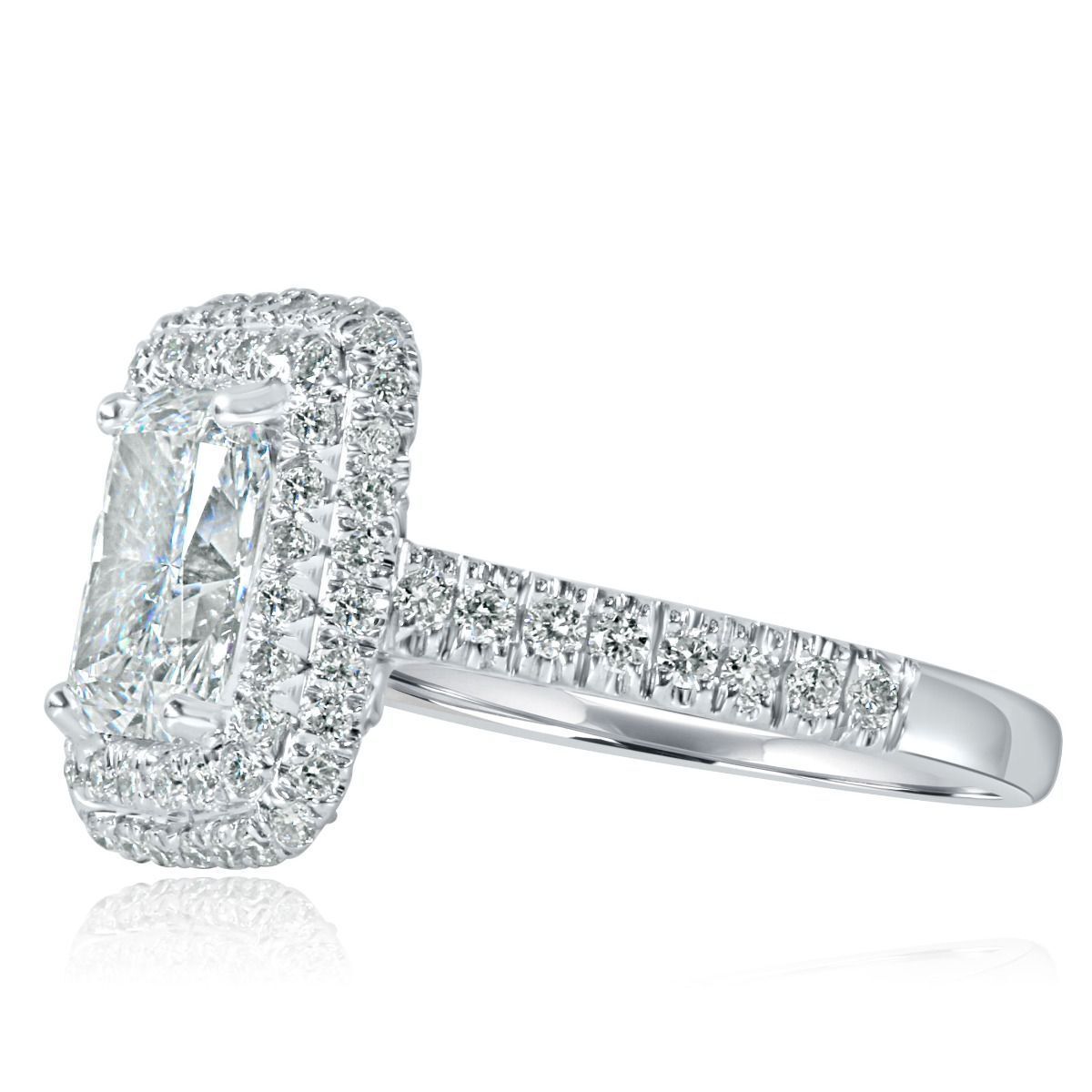 - 1.61Ct IGI E-VS2 Lab Grown Radiant Diamond Halo Ring 14k White Gold 2.33 TCW
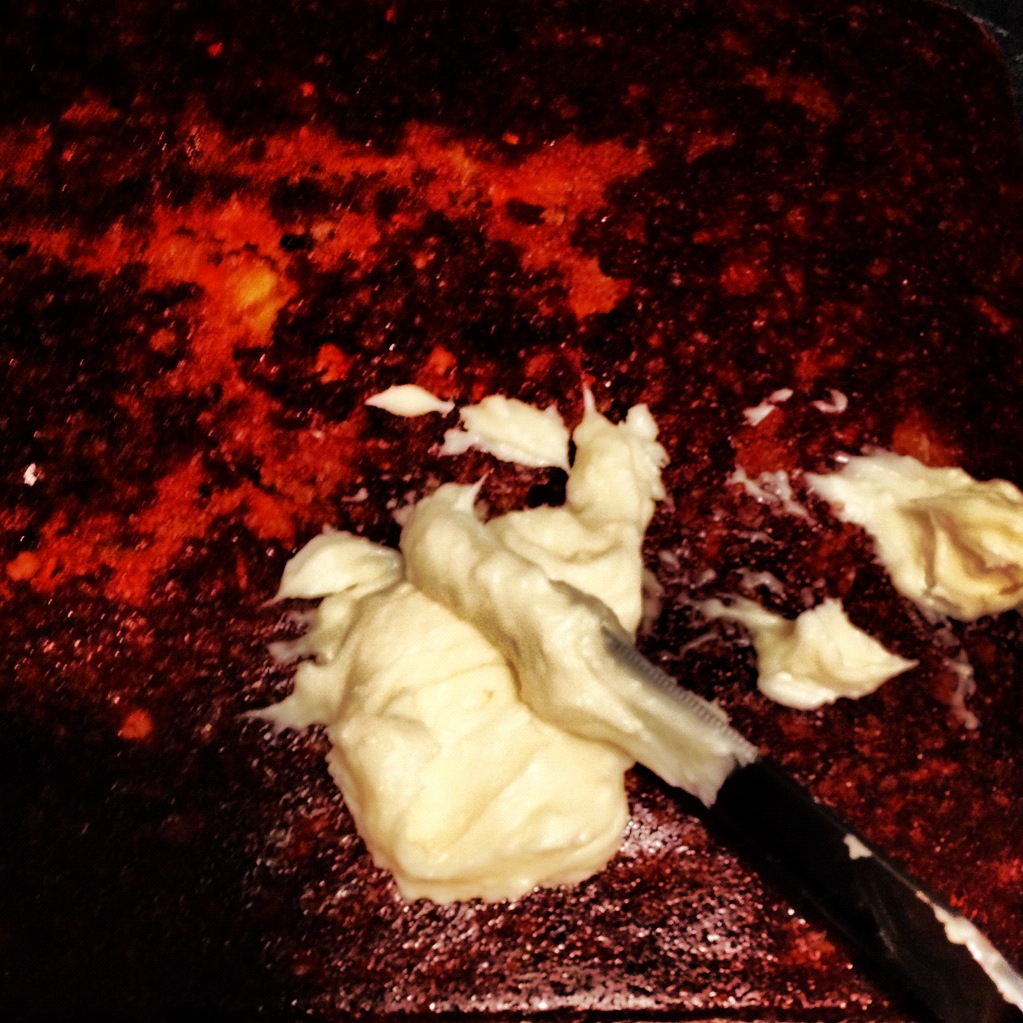 Go ahead and leave out the cream cheese and butter while the cake cooks so it can soften. Wait patiently…drink wine…yum…
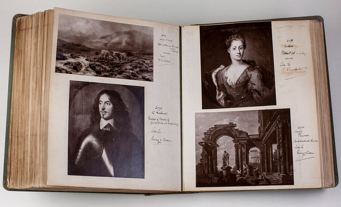 Artworks often come from far and wide to fill the walls of an exhibition and remain there temporarily. Forms of ephemera such as photographs and albums commemorate exhibitions and later serve to document the special assemblage. The images and inventories generally provide the title and date of the artwork, as well as the collections they belonged to at the time of the exhibition. The identification of collectors is particularly useful because it is not out of the ordinary for art that remains in private hands to go unrecorded for periods of time.
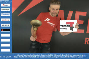 7.10.: Michael Wernbacher läutet die Opening Bell für Mittwoch. Der Chef von http: www.wemove.at ist in dieser Woche mit 50% Rabatt auf Saisonware im Esslinger Tresor, Motto "Wemove Lobau" präsent. Heute von 16 bis 20 Uhr, Details siehe www.treffpunktessling.at 2020 09 25 der_tresor_sperrt_von_7_bis_9_oktober_fur_wemove_lobau_und_neurosocks_noch_einmal_auf 6.10.: Filip Miermans läutet die Opening Bell für Dienstag. Der Lenzing-Kommunikator sieht dieser Tage eine starke Phase seiner Aktie. Zuletzt Vier Tage im Plus und 7 Prozent alleine gestern www.lenzing.com Mehr Choose Optimism: boerse-social.com category choose_optimism www.facebook.com chooseoptimism 5.10.: Susanne Hofbauer läutet die Opening Bell für Montag, Long Distance Style (vorher nac... » Weiterlesen
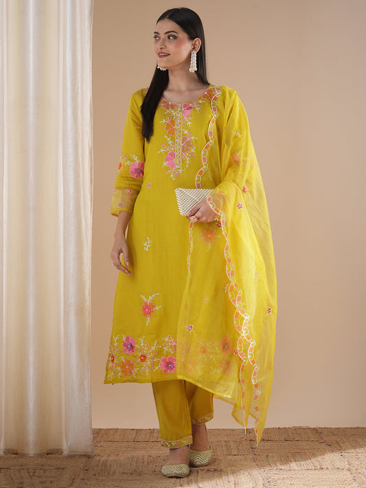 Solid Ethnic Floral Thread Embroidered Straight Fit...
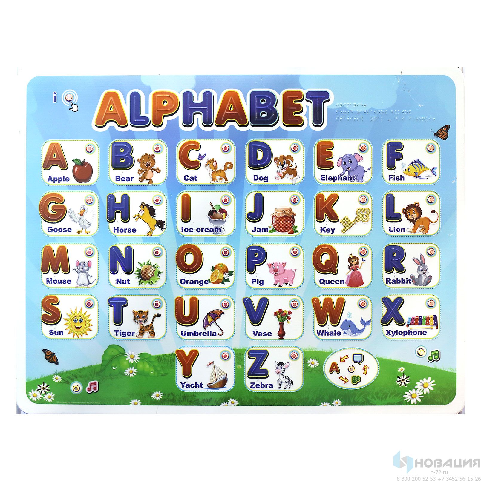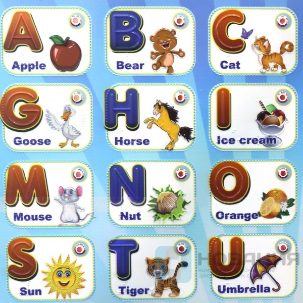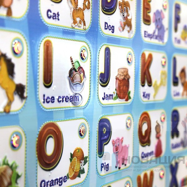 Крупные изображения букв разделены тактильным пунктиром. Рядом размещено изображение объекта, название которого (на английском языке) начинается с данной буквы. Надписи дублируются на языке Брайля.
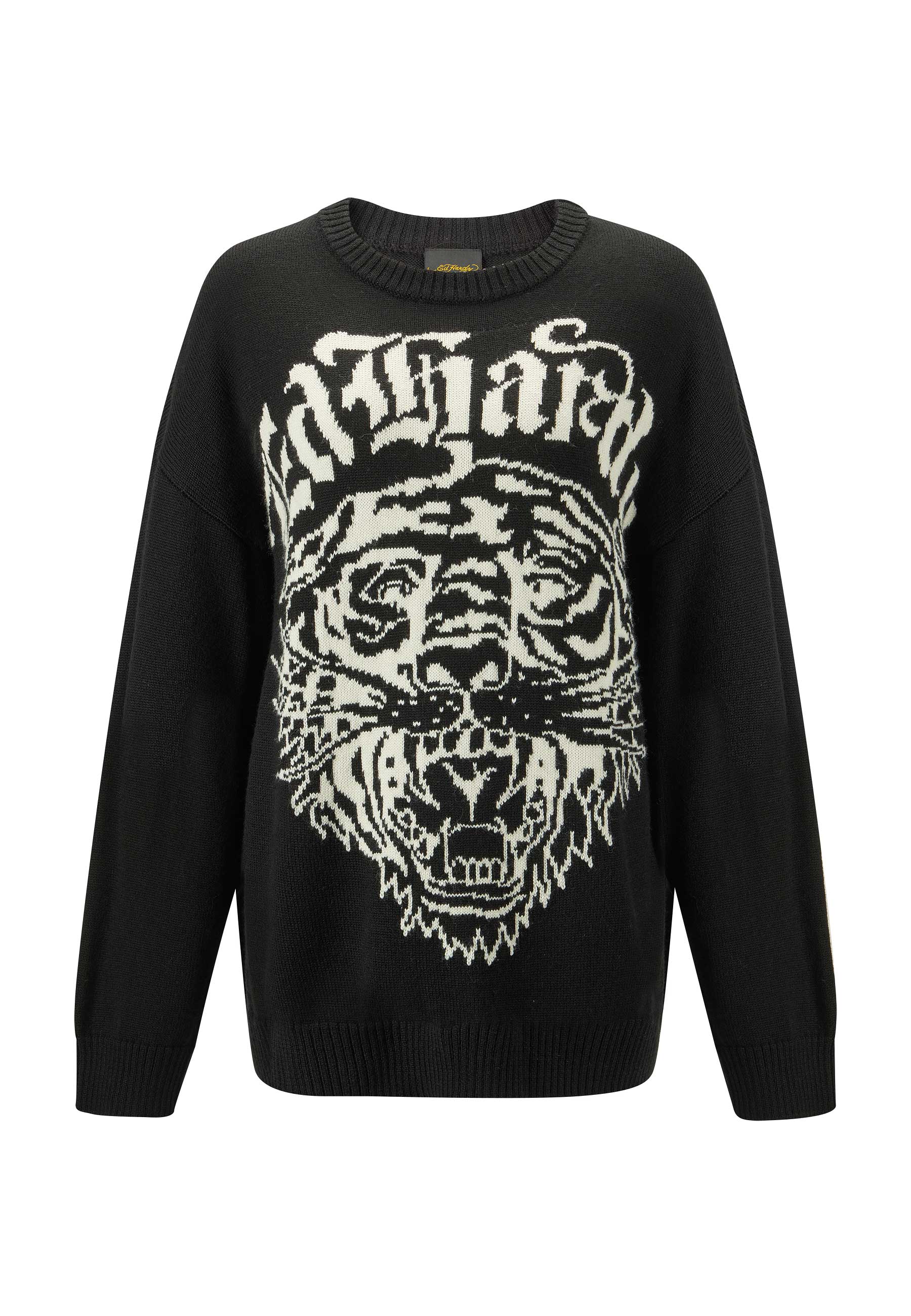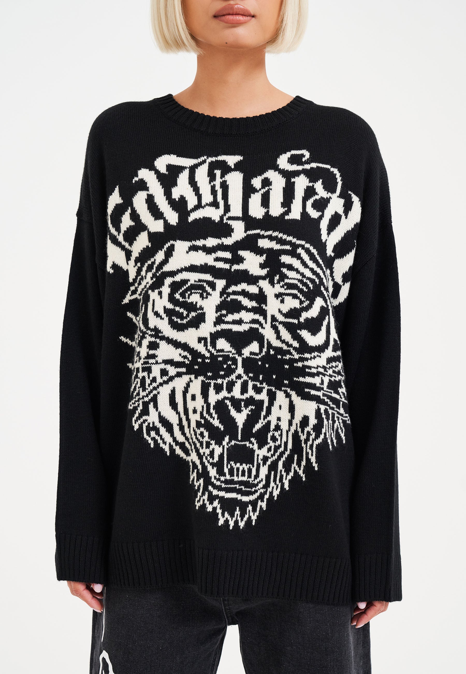 Suéter feminino de malha Tiger-Roar Jaquard - preto/branco
—————
• Work request: Write the listing again exactly, duplicating every line and skipping the pictures.

• Response box:
 - 1.61Ct IGI E-VS2 Lab Grown Radiant Diamond Halo Ring 14k White Gold 2.33 TCW
 Go ahead and leave out the cream cheese and butter while the cake cooks so it can soften. Wait patiently…drink wine…yum…
 Artworks often come from far and wide to fill the walls of an exhibition and remain there temporarily. Forms of ephemera such as photographs and albums commemorate exhibitions and later serve to document the special assemblage. The images and inventories generally provide the title and date of the artwork, as well as the collections they belonged to at the time of the exhibition. The identification of collectors is particularly useful because it is not out of the ordinary for art that remains in private hands to go unrecorded for periods of time.
 7.10.: Michael Wernbacher läutet die Opening Bell für Mittwoch. Der Chef von http: www.wemove.at ist in dieser Woche mit 50% Rabatt auf Saisonware im Esslinger Tresor, Motto "Wemove Lobau" präsent. Heute von 16 bis 20 Uhr, Details siehe www.treffpunktessling.at 2020 09 25 der_tresor_sperrt_von_7_bis_9_oktober_fur_wemove_lobau_und_neurosocks_noch_einmal_auf 6.10.: Filip Miermans läutet die Opening Bell für Dienstag. Der Lenzing-Kommunikator sieht dieser Tage eine starke Phase seiner Aktie. Zuletzt Vier Tage im Plus und 7 Prozent alleine gestern www.lenzing.com Mehr Choose Optimism: boerse-social.com category choose_optimism www.facebook.com chooseoptimism 5.10.: Susanne Hofbauer läutet die Opening Bell für Montag, Long Distance Style (vorher nac... » Weiterlesen
 Solid Ethnic Floral Thread Embroidered Straight Fit...
 Крупные изображения букв разделены тактильным пунктиром. Рядом размещено изображение объекта, название которого (на английском языке) начинается с данной буквы. Надписи дублируются на языке Брайля.
 Suéter feminino de malha Tiger-Roar Jaquard - preto/branco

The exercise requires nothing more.